Imagine you’re testing whether a new drug lowers blood pressure more than a placebo, and the difference between groups is measured in mmHg. If the 95% confidence interval for the difference is (-0.2 to +0.1), the data suggest the true effect, if any, is tiny. You can feel reasonably confident that there’s no large hidden benefit. But if the confidence interval is (-10 to +20), the result is also non-significant (because the interval includes zero), yet the true effect could be anywhere from a 10-point advantage for the placebo to a 20-point advantage for the drug. That’s an enormous range of uncertainty, and concluding “no effect” would be reckless.
This is why modern statistical guidelines favor confidence intervals over a simple significant/not-significant label. They preserve the uncertainty in your data rather than collapsing it into a binary answer.
How to Report a Non-Significant Result
If you’re writing up results with p-values above 0.05, a few conventions are widely accepted across major journals. Report the exact p-value, not just “NS” or “not significant.” The New England Journal of Medicine asks for p-values above 0.01 to be reported to two decimal places (p = 0.08, not p > 0.05).

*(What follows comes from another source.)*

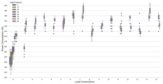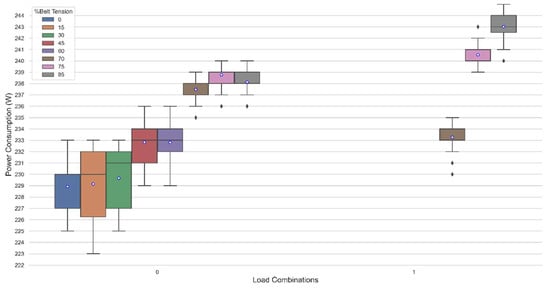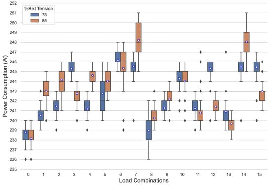 The results obtained for 75% belt tension with the load combinations 6, 7 and 14 (i.e., Z2 and Z3 were active for each combination) and 15 (all zones were active) were prominent. For these combinations, a reduction in the belt traction force and an increase in belt slippage was observed. For 85% belt tension, either no reduction in the belt traction force or an increase in belt slippage was observed. For these belt tensions, the experiment was conducted for all load configurations, i.e., the experiment was repeated for every load combination listed in Table 2. Figure 9 shows the boxplot for 75% and 85% belt tensions, depicting the effect of the pallet positions and belt tensions on the conveyor belt motor driver’s power consumption.

The Annals of Internal Medicine similarly requires actual values, with rounding to the nearest hundredth for values above 0.20.
Always pair the p-value with the effect size and a confidence interval. A statement like “the treatment group scored 4.2 points higher (95% CI: -1.1 to 9.5, p = 0.12)” gives readers something to interpret. A statement like “the difference was not significant (p = 0.12)” does not.

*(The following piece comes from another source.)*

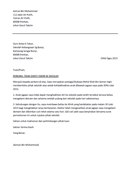 - Surat Kiriman Rasmi Sebab Tidak Hadir Sekolah

Avoid language that implies the null hypothesis has been confirmed. Phrases like “there was no effect” or “the treatment did not work” overstate what a non-significant p-value can tell you. More accurate phrasing: “We did not find statistically significant evidence of a difference at the 0.05 level.”
What Not to Do With a Non-Significant Result
One common but problematic response is to run a “post-hoc power analysis,” calculating the power your study had after the fact using the observed effect size. This sounds reasonable but is mathematically circular: post-hoc power is a direct function of the p-value itself, so it adds no new information. If your p-value was 0.08, the post-hoc power will be low, and that’s guaranteed by the math, not by anything useful about your study. Multiple reviews of this practice have concluded that confidence intervals are a better tool for interpreting non-significant findings.

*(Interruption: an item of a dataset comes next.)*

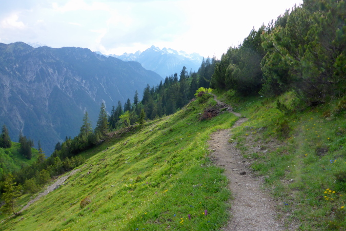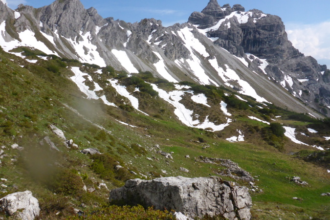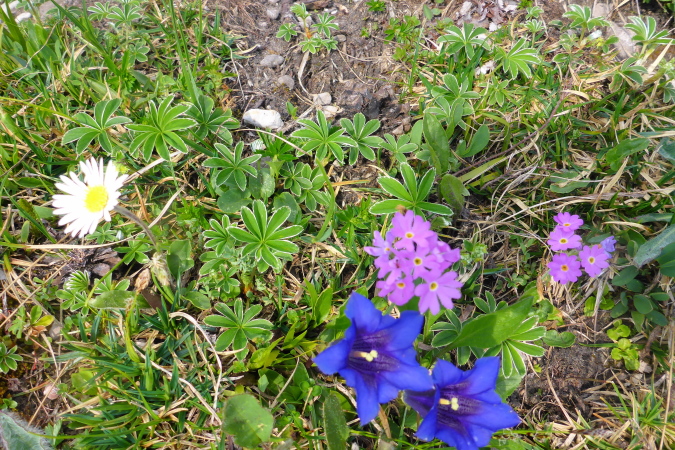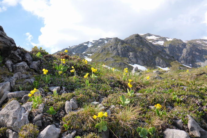 Der Lech, und das ist jetzt interessant, fliesst nicht Richtung Bludenz, zum Rhein, was ja naheliegend wäre, sondern über Lech/Zürs zur Donau. Bei Füssen passiert er dann die Grenze nach Deutschland. Ich passiere jetzt den Sattel in der Fensterlewand. Das dauert nochmal eine Stunde, dann noch ein paar Blümchen und ich bin nach insgesamt 5 Stunden an der Freiburger Hütte (1900 m), dem zweiten VP bei km 20. Ich habe die Hälfte geschafft!

Another mistake is treating p = 0.049 and p = 0.051 as fundamentally different results. The difference between “just significant” and “just non-significant” is not itself statistically meaningful. A study that finds p = 0.049 has not proven an effect, and a study that finds p = 0.051 has not disproven one. The ASA’s statement is explicit: scientific conclusions should not be based solely on whether a p-value crosses a specific threshold.
The Bayesian Alternative
One limitation of p-values is that they only evaluate the data under the assumption that the null hypothesis is true. They never directly ask, “How likely is the null hypothesis compared to the alternative?” Bayesian statistics addresses this through something called a Bayes factor, which compares how well the data fit under each hypothesis. A Bayes factor of 1 means the data support both hypotheses equally. Values above 1 favor the null hypothesis, and values below 1 favor the alternative.
This matters for non-significant results because a Bayes factor can distinguish between “the evidence supports no effect” and “the evidence is inconclusive.” A traditional p-value of 0.35 could correspond to either scenario, and there’s no way to tell which one from the p-value alone. Bayesian methods remain less common in many fields, but they’re increasingly used when the goal is to quantify evidence for the null hypothesis rather than simply failing to reject it.